*Problem statement*: Leaving pictures out, repeat word for word the line that has "2008 йил, сентябрь." and each line that follows it to the end of the listing.

*Supplied information*:
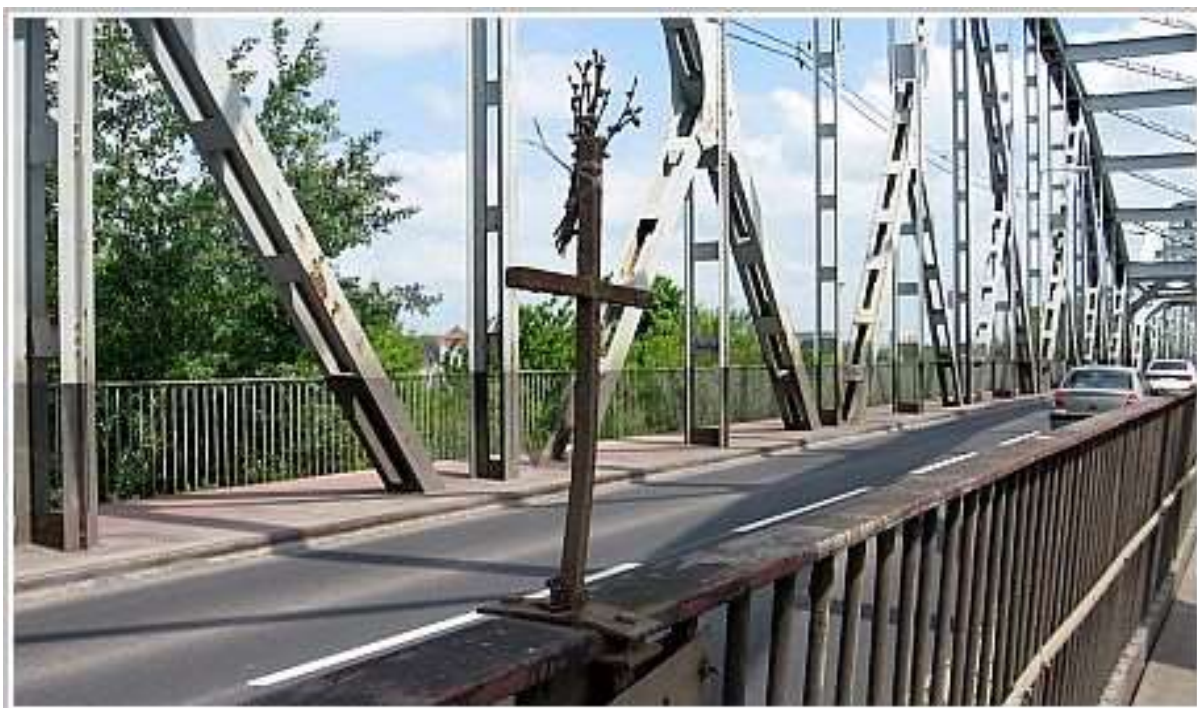
Krzyż upamiętniający miejsce wypadku Bronisława Malinowskiego na grudzińskim moście.
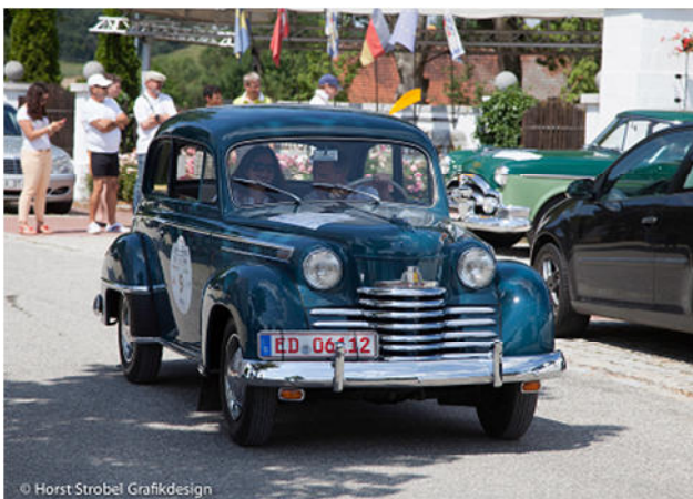
Opel Olympia Baujahr 1952 Senftl/Senftl
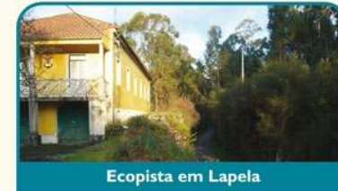
Ecopista em Lapela

A entrada na sede de concelho dá-se pelo Parque Termal e pelo seu passadiço de madeira que conduz à escadaria de entrada na muralha. O percurso segue sempre a face da muralha virada ao rio e a Espanha, mas este facto não deverá ser impedimento de uma visita atenta ao Centro Histórico de Monção. Comece pelo Turismo, na Casa do Curro, a dois passos do percurso!
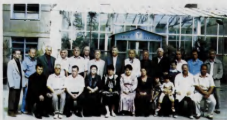
2008 йил, сентябрь. Китоб тумани. Паландара санаториясида тиббиёт ходимлари анжуманида.
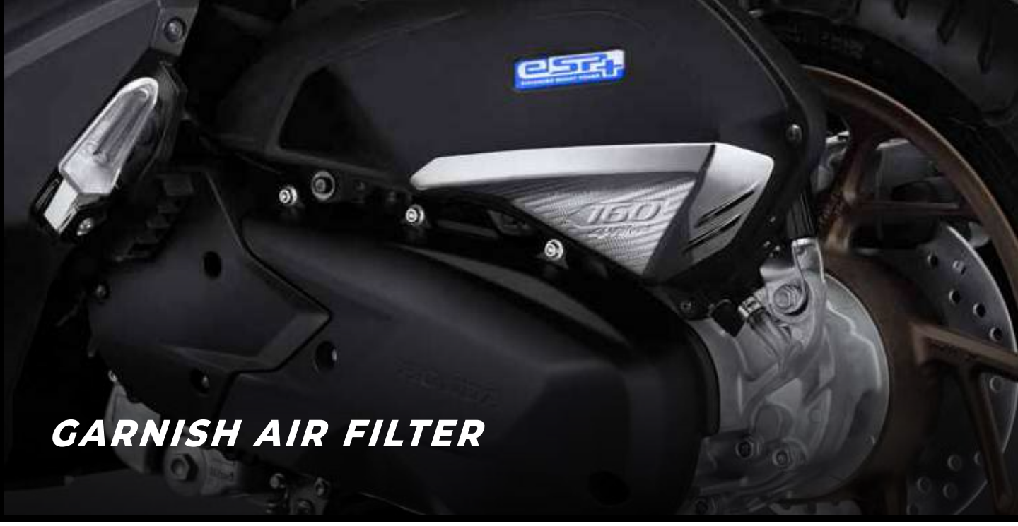
GARNISH AIR FILTER

*Task answer*:
2008 йил, сентябрь. Китоб тумани. Паландара санаториясида тиббиёт ходимлари анжуманида.
GARNISH AIR FILTER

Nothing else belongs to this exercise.